Fuzzy string matching library package for Node. Implemented natively in C++ for speed with support for multithreading.
The scoring algorithm is heavily tuned for file paths, but should work for general strings.
(from main.js.flow)
export type MatcherOptions = {
// Default: false
caseSensitive?: boolean,
// Default: infinite
maxResults?: number,
// Maximum gap to allow between consecutive letters in a match.
// Provide a smaller maxGap to speed up query results.
// Default: unlimited
maxGap?: number;
// Default: 1
numThreads?: number,
// Default: false
recordMatchIndexes?: boolean,
}
export type MatchResult = {
value: string,
// A number in the range (0-1]. Higher scores are more relevant.
// 0 denotes "no match" and will never be returned.
score: number,
// Matching character index in `value` for each character in `query`.
// This can be costly, so this is only returned if `recordMatchIndexes` was set in `options`.
matchIndexes?: Array<number>,
}
export class Matcher {
constructor(candidates: Array<string>) {}
// Returns all matching candidates (subject to `options`).
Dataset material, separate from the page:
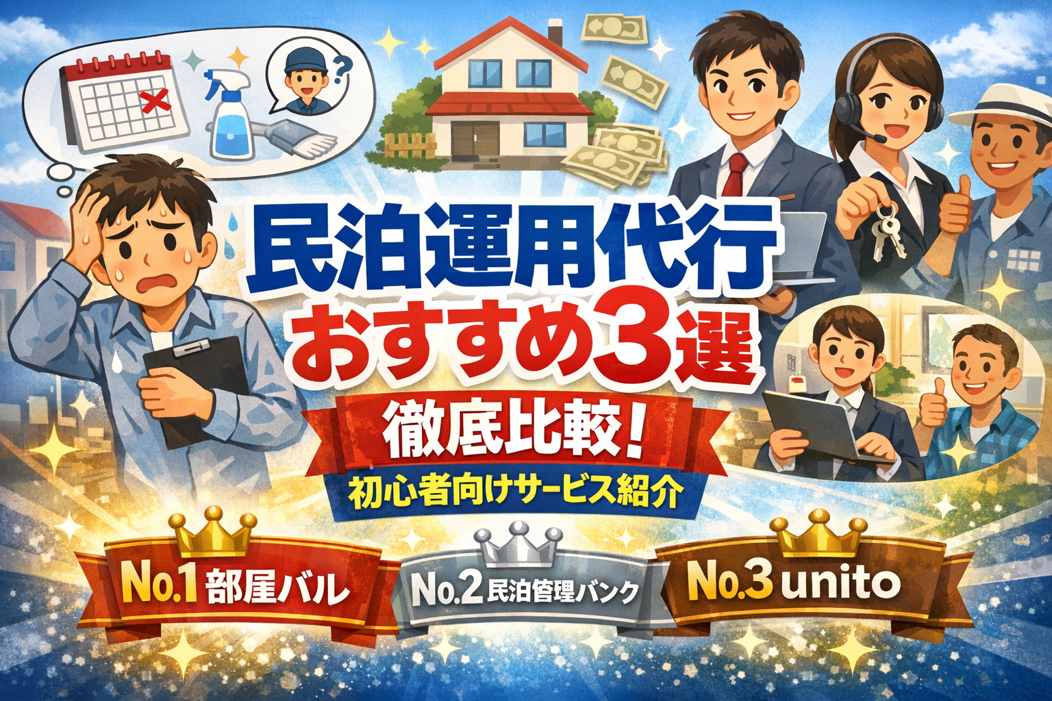 民泊運営は予約管理や清掃、ゲスト対応が大変で、初心者や忙しい人は負担が大きいですよね。この記事では、民泊運用代行のおすすめランキングを徹底比較。1位の部屋バルを中心に、選び方のポイントや比較表で最適なサービスを選べるようまとめました。

// Will be ordered by score, descending.
match: (query: string, options?: MatcherOptions) => Array<MatchResult>;
addCandidates: (candidates: Array<string>) => void;
removeCandidates: (candidates: Array<string>) => void;
setCandidates: (candidates: Array<string>) => void;
}
See also the spec for basic usage.
The scoring algorithm is mostly borrowed from @wincent's excellent command-t vim plugin; most of the code is from his implementation in match.c.
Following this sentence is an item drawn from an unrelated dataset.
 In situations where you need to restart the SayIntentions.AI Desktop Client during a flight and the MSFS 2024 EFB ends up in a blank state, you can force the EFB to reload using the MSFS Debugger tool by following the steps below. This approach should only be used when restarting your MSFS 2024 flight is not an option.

Read the source code for a quick overview of how it works (the function recursive_match
).
NB: score_match.cpp and score_match.h have no dependencies besides the C/C++ stdlib and can easily be reused for other purposes.
There are a few notable additional optimizations:
- Before running the recursive matcher, we first do a backwards scan through the haystack to see if the needle exists at all. At the same time, we compute the right-most match for each character in the needle to prune the search space.
- For each candidate string, we pre-compute and store a bitmask of its letters in
MatcherBase
. We then compare this the "letter bitmask" of the query to quickly prune out non-matches.